## Work order
Among the lines of the records, please find those that contain the word "Klaong" and copy them.

Input data below:

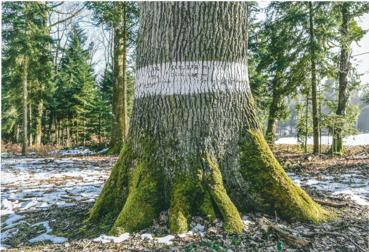
Der «Chêne Président» wird alle zehn Jahre vom Forstinspektor vermessen. Im Anschluss wird mit einem Glas Wein auf die Gesundheit der rund 250-jährigen Eiche angestossen.

F ür den Binding Waldpreis 2015 war ein Waldeigentümer gesucht, der sich in besonderer Weise für Uraltbäume einsetzt. Gefunden wurde er am Fuss des Juras: Die Waadtländer Gemeinde Baulmes zählt in ihren Wäldern über 7200 Bäume mit einem Durchmesser von mehr als 70 cm (und einem Umfang von deutlich mehr als 2 m). Die hiesigen Sägereien können solche Riesenbäume kaum mehr verarbeiten, doch stehen für den Holzmarkt genügend kleinere Bäume zur Verfügung. Die grossen und alten Bäume werden in Baulmes hingegen verehrt, gehegt und gepflegt.
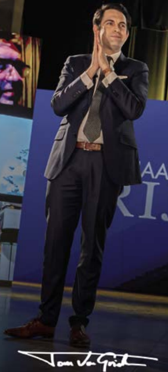
Tom Van Grieken Voorzitter

Voor het Vlaams Belang is het duidelijk: 2021 moet en zal het jaar van de vrijheid zijn. Dat wil niet zeggen dat we het coronavirus niet ernstig nemen. Net zoals wij aandacht hebben voor onze grondrechten en de mentale gezondheid van de burger. Daarom willen wij geen blinde lockdown, maar gerichtere en transparante maatregelen - die bewezen werkzaam zijn. Enkel een beter vaccinbeleid, betere testing en betere tracing kunnen ons uit de crisis loodsen. Dat is exact het omgekeerde van het beleid van De Croo en co. Hoog tijd dus voor verandering, hoog tijd voor het Vlaams Belang!
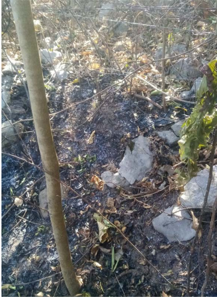
La conflagración se inició desde el pasado domingo sin que se tenga certeza de las causas que la provocaron.
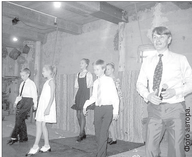
Марис Пурис и танцоры степа.

Традиционные Дни поэзии в Даугавпилсе и Даугавпилском крае проходили с 9 до 13 сентября, и, как обычно, было очень много встреч с авторами, поэтических чтений, презентаций и других мероприятий.
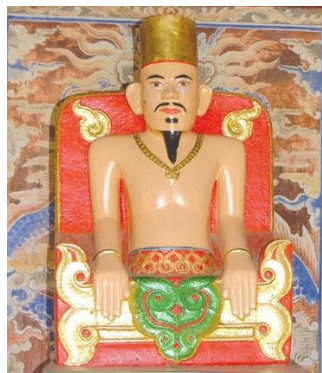
Hình 2. Vua Po Klaong Mah Nai (Po Mah Taha), 1622-1627, vị vua sùng bái Islam (Hồi giáo).

Vị vua cuối cùng của vương quốc Champa là Po PhaokThe (1828-1832), chứ không phải Po Klaong Mah Nai (1622-1627) như Sở Văn hóa, Thể thao và Du lịch tỉnh Bình Thuận đã nêu.
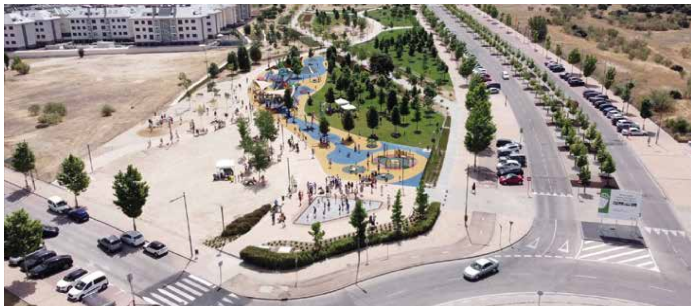
Parque Miguel Ángel Blanco

dad de este durante el tiempo de vigencia de la concesión. El criterio único de adjudicación será el precio, estableciéndose el canon tipo de licitación (al alza) en 34.024 euros anuales.
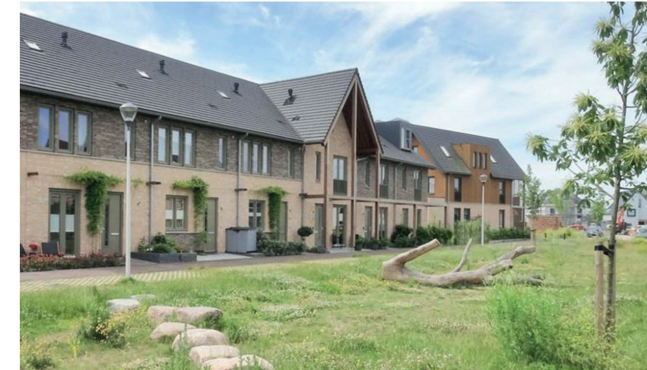
wonen aan het groen
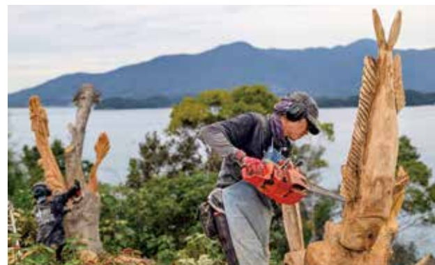
▲3人のチェーンソーアーティストが来島し、恐竜など迫力ある16作品を新たに制作
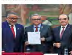
El titular de Finanzas mexiquense (centro) entregó al Congreso el Paquete Económico 2025.
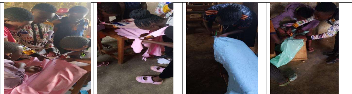
布ナプキンの型紙を作成した後、生徒たちは与えられた材料にそれをトレースする。
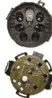
Type H1 (pluie/luminosité) avec dispositif électronique

End of Input data.

## Result
Hình 2. Vua Po Klaong Mah Nai (Po Mah Taha), 1622-1627, vị vua sùng bái Islam (Hồi giáo).
Vị vua cuối cùng của vương quốc Champa là Po PhaokThe (1828-1832), chứ không phải Po Klaong Mah Nai (1622-1627) như Sở Văn hóa, Thể thao và Du lịch tỉnh Bình Thuận đã nêu.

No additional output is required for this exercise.